**How to complete this task**
Exactly the lines from the one containing "Hot Sale Custom" through the final line of the data below, with pictures omitted, make up the answer.

**Given data**
===============

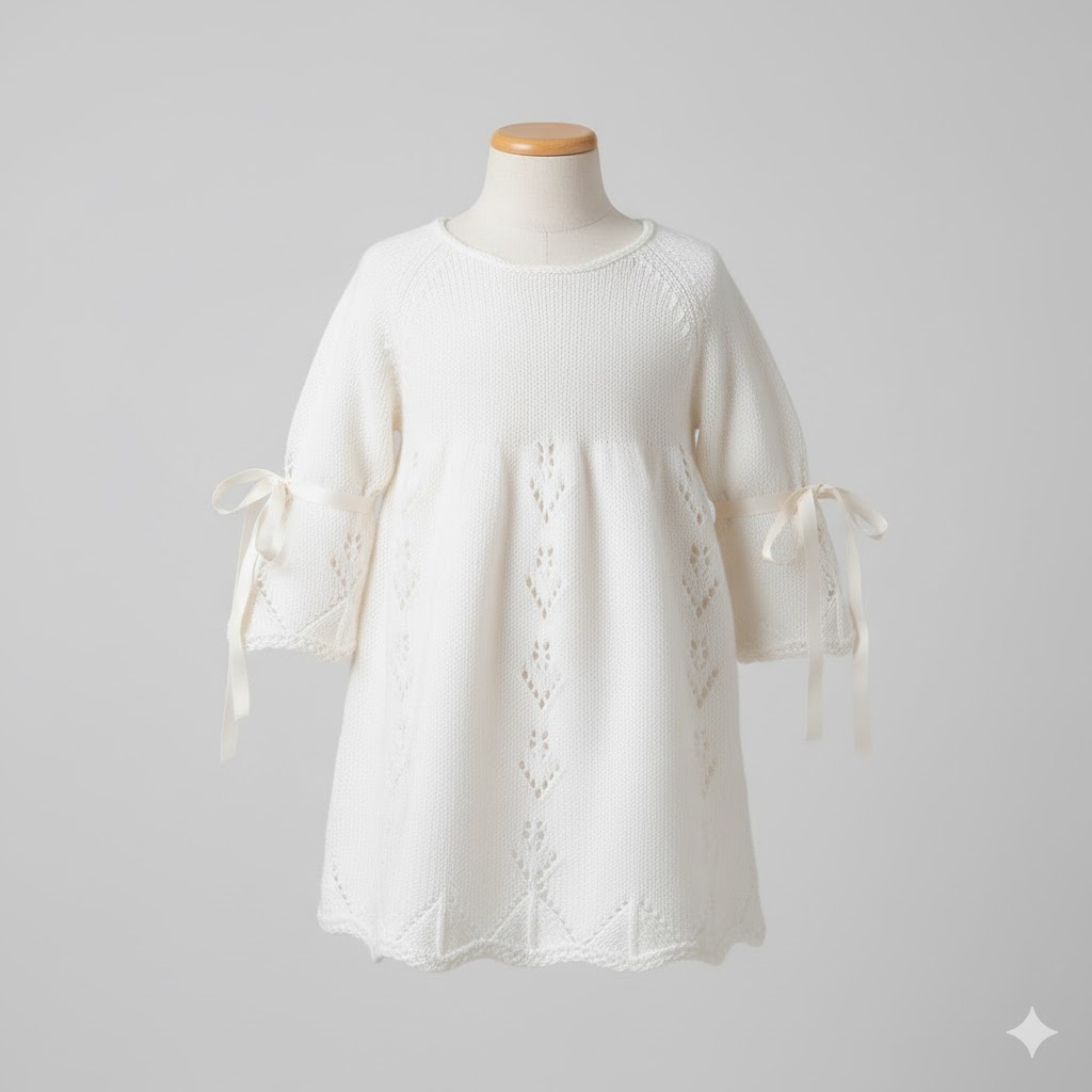 Модель: Детское платье/туника с ажурными дорожками и лентами.
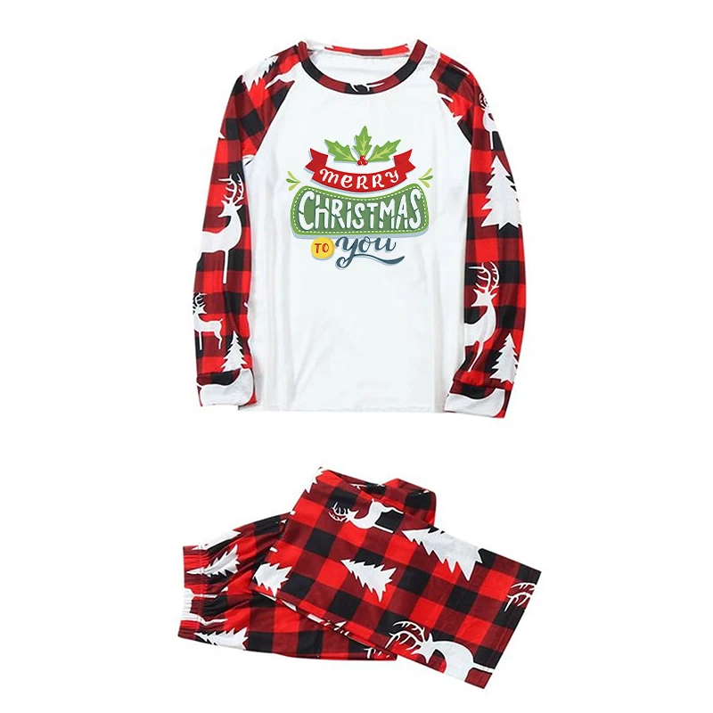 Hot Sale Custom Christmas Pajamas Blank White & Red Plaid Xmas
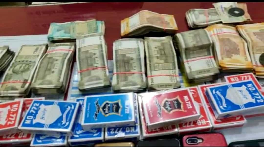 उज्जैन, डेस्क रिपोर्ट। उज्जैन की नागदा पुलिस ने देर रात चंबल मार्ग पर एक घर में छापा मारकर 44 लोगों को जुआ खेलते गिरफ्तार किया हैं। पुलिस ने जुंआरियों से 5 लाख 91 हजार 330 रुपए और 40 मोबाइल जब्त किए। चंबल मार्ग स्थित नवाब खान अपने घर पर जुआ खिला रहा था। नवाब ने अपने घर के आस-पास चौकीदार खड़े कर रखे थे। जिससे पुलिस आने की पहले ही मिल जाती थी। सूचना रात 1:30 बजे पुलिस ने पूरी तैयारी के साथ छापा मारा। जिसमें 40 जुआरियों में उज्जैन, नागदा, जावरा, रतलाम, खाचरोद, उन्हेल और महिदपुर के जुआरी गिरफ्तार हुए हैं।

===============

**Reply**
 Hot Sale Custom Christmas Pajamas Blank White & Red Plaid Xmas
 उज्जैन, डेस्क रिपोर्ट। उज्जैन की नागदा पुलिस ने देर रात चंबल मार्ग पर एक घर में छापा मारकर 44 लोगों को जुआ खेलते गिरफ्तार किया हैं। पुलिस ने जुंआरियों से 5 लाख 91 हजार 330 रुपए और 40 मोबाइल जब्त किए। चंबल मार्ग स्थित नवाब खान अपने घर पर जुआ खिला रहा था। नवाब ने अपने घर के आस-पास चौकीदार खड़े कर रखे थे। जिससे पुलिस आने की पहले ही मिल जाती थी। सूचना रात 1:30 बजे पुलिस ने पूरी तैयारी के साथ छापा मारा। जिसमें 40 जुआरियों में उज्जैन, नागदा, जावरा, रतलाम, खाचरोद, उन्हेल और महिदपुर के जुआरी गिरफ्तार हुए हैं।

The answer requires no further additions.